Quote from: fred on May 17, 2011, 02:32:03 PM
Quote from: Pepo on May 17, 2011, 02:15:38 PM
As the full dump was 165 MB...
In the history delete after time section.
But nothing definitive, may be a program problem somewhere else or a memory corruption by something.
My history is 365+23, possibly some first old entries just started to get purged? ... No, the oldest ones will apparently just start to be deleted in a few days. (Or some oldest batch was already deleted and I've not noticed it.)
Peter

Pepo

I'm regularly seeing Rosetta Mini CPU tasks, preempted just at 100%, still in a "Ready to run" state. (They really need just the last kick to finish, less than 1 second! >:()

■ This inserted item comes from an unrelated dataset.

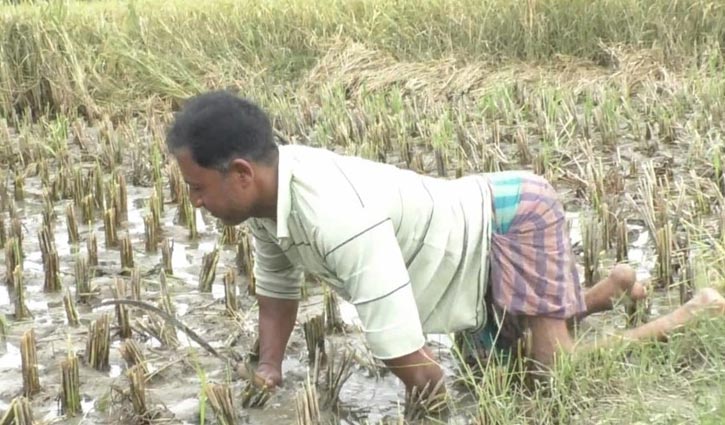 সামেদুল ইসলাম নিজের কৃষি জমিতে ধান কাটছেন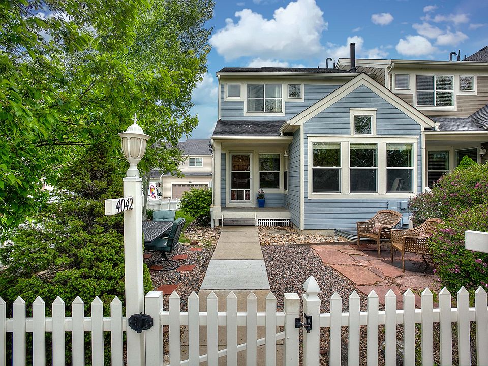 What an excellent location for this end-unit townhome! Charming Rocky Mountain Village has well-maintained homes & parks, is close to shopping, desirable schools, & has easy access to I-25. The 2 bedroom/3 bath home plus loft/office space is on a quiet street with a neighborhood park in front & green space on the east side. The living room with vaulted ceilings has a gas fireplace for cozy evenings. The roomy master bedroom includes 2 walk-in closets & a 5-piece master bath. Outside, the front yard flagstone patio is ideal for enjoying summer evenings, & a small grass yard on the side is easily maintained with a sprinkler system. Pets are allowed! A two-car attached garage is off an alleyway. Unfinished basement for future expansion. The HOA fee includes ext. maintenance, water/sewer, hazard ins. & snow removal.

In such state, like with my "casd_sr10_boinc_nmr_control.2vajA_30_abrelax_cs_frags_tex_IGNORE_THE_REST_25722_26751_0" now, BT states on the Tasks tab their "Elapsed (CPU) time" being "-(-)" (possibly because of the 100%??), "last checkpoint CPU time" is e.g. "[0] 01:51:00", ETA is "-". In the Properties window, there is no CPU time, but the checkpoint time is the same and Elapsed time is also available there - like "01:53:26". BOINC Manager displays also its CPU time (equal to the checkpoint time).

While the task is visible in the tab, BT should correctly display their Elapsed and CPU and checkpoint times...
Peter

Pepo

#18
One more crash dump (uploaded).
The message about a .dmp file being generated popped up after I've opened the tray icon's context menu. (I admit the system was pretty unstable during previous two hours - I've been punishing it ;D.) Nevertheless BT still seemed to work fine. (Possibly just some exception handler generated the dump). After confirming, one more message with exception description popped up, at the time BT closed itself.
Peter

Pepo

Quote from: Pepo on April 28, 2011, 09:20:48 AM
One found:

  • An errored-out (but not reported yet) task's Properties window is empty.
Something similar:

  • A task, which failed to download (is similar to an errored-out task), but was also not reported yet, does show up its details in Properties window (except the state there is still "Downloading" instead of "Download failed" or so), but does not appear in History tab - possibly because of this neither in the tray icon's "Report finshed tasks" counter.
Peter

Pepo

Quote from: Pepo on May 18, 2011, 09:00:37 PM
One more crash dump (uploaded).
The message about a .dmp file being generated popped up after I've opened the tray icon's context menu. (I admit the system was pretty unstable during previous two hours - I've been punishing it ;D.) Nevertheless BT still seemed to work fine. (Possibly just some exception handler generated the dump). After confirming, one more message with exception description popped up, at the time BT closed itself.
Three more crash dumps overnight ("Sorry but BoincTasks has crashed. Dump file(s): BoincTasks_103_20-05-2011_05-59.dmp, BoincTasks_103_20-05-2011_07-12.dmp, BoincTasks_103_20-05-2011_07-45.dmp, created succesfully.") from the same BT instance - it again seemed to work until I've confirmed the dumps with OK ("boinctasks64.exe - Fatal Application Exit").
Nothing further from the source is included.